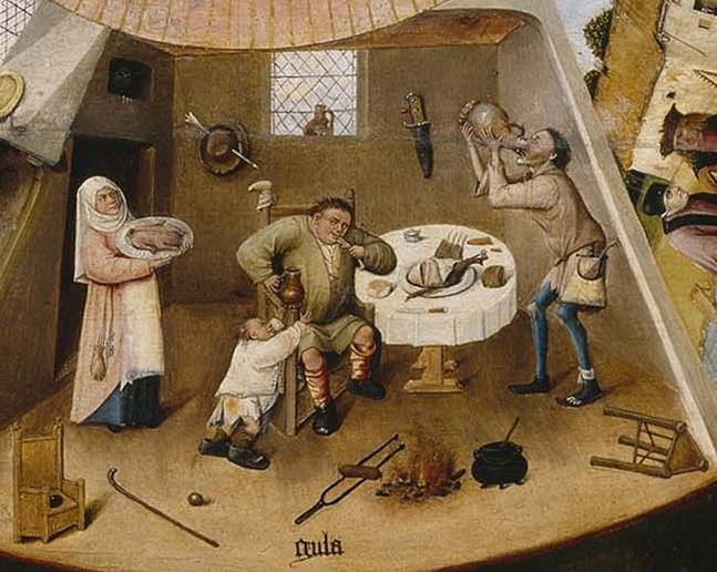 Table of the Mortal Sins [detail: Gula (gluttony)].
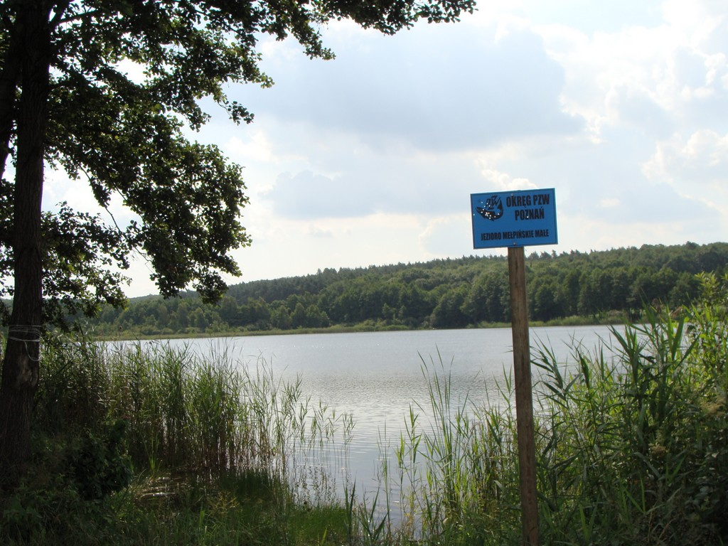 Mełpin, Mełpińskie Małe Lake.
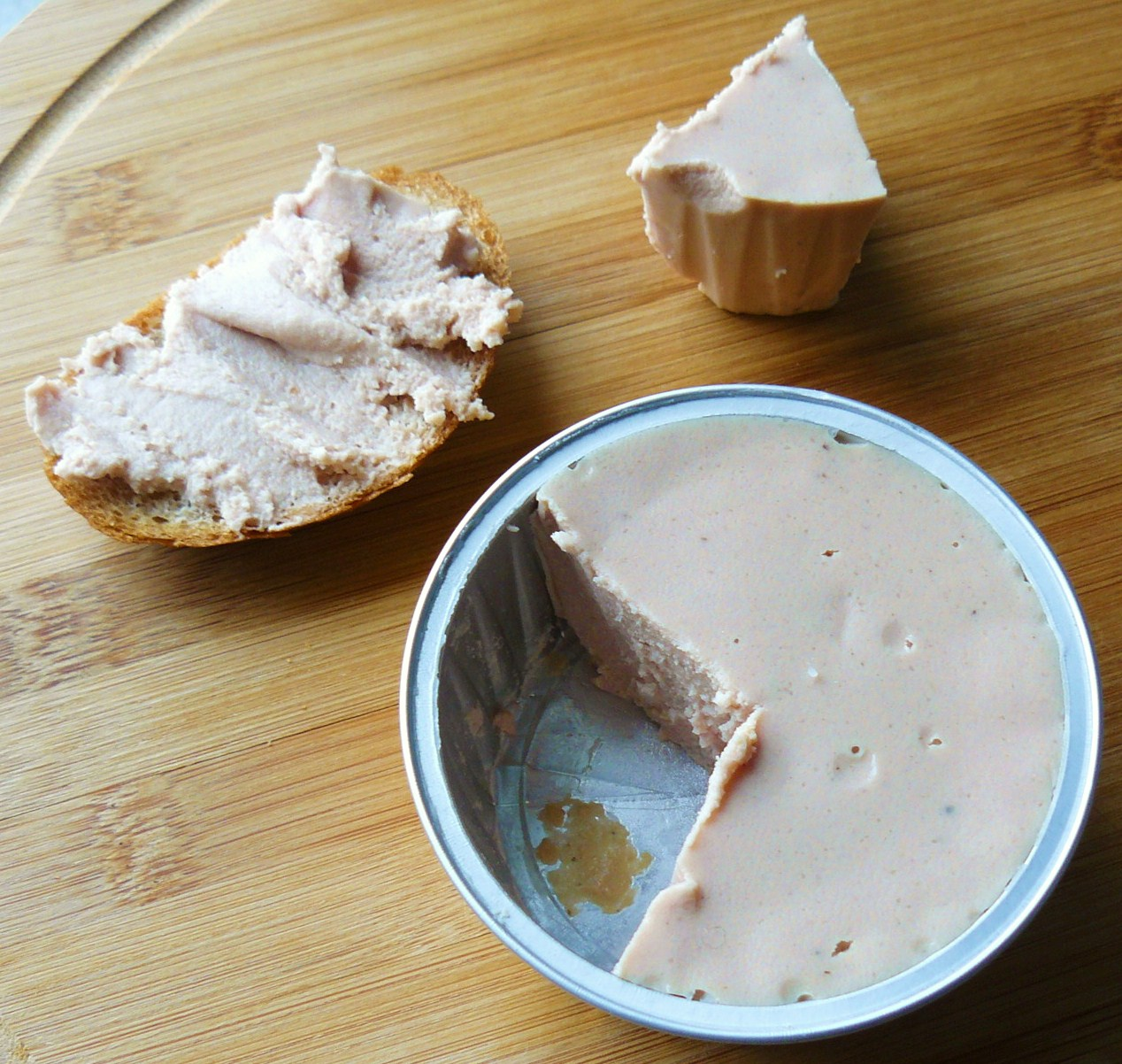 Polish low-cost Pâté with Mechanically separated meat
* * *
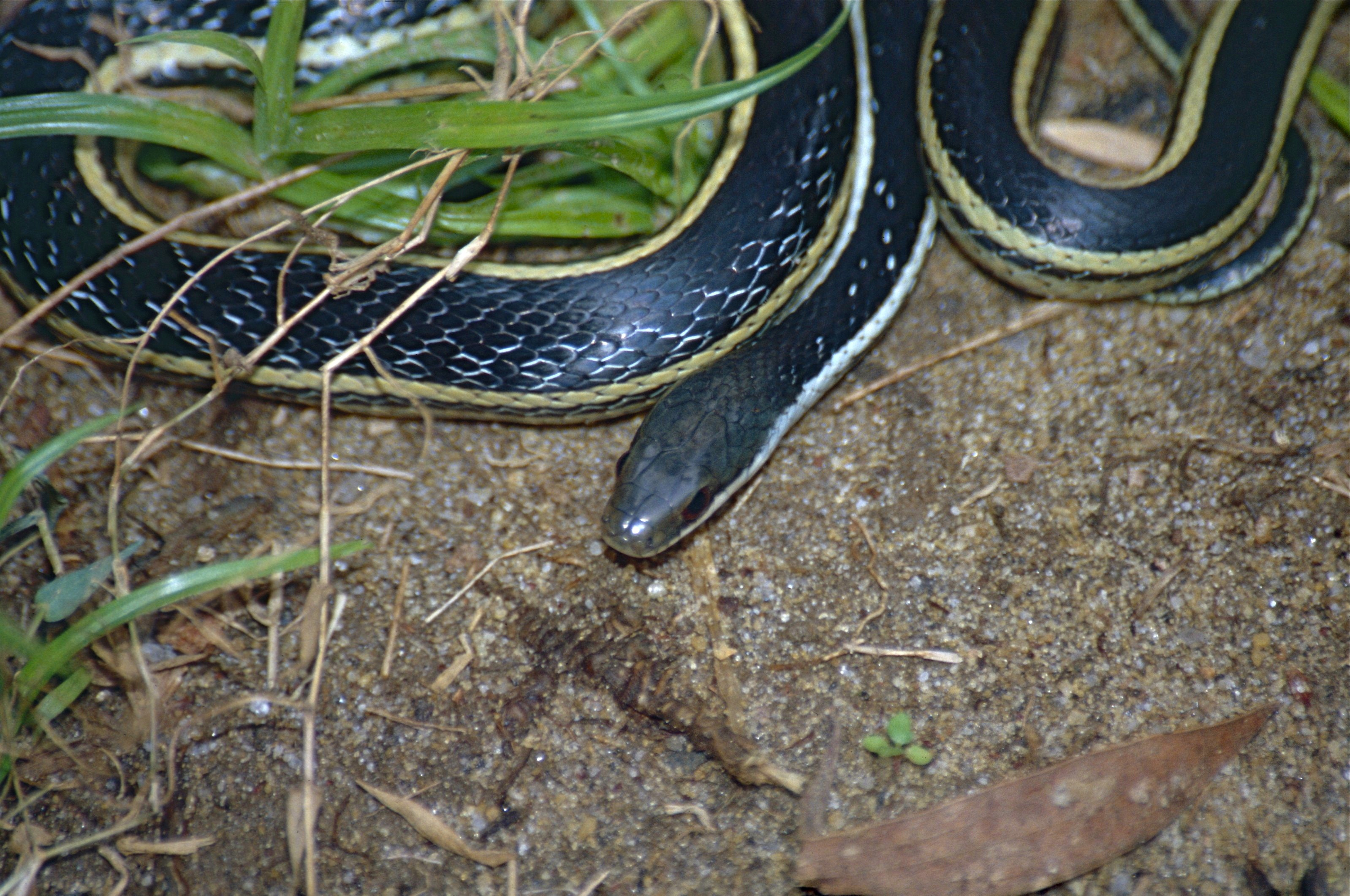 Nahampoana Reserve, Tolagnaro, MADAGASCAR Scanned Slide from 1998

BRIEF
Your answer should be the lines above, word for word, from the line with "Mełpin, Mełpińskie Małe Lake." through the line with "Polish low-cost Pâté", minus the pictures.

WRITTEN RESPONSE
 Mełpin, Mełpińskie Małe Lake.
 Polish low-cost Pâté with Mechanically separated meat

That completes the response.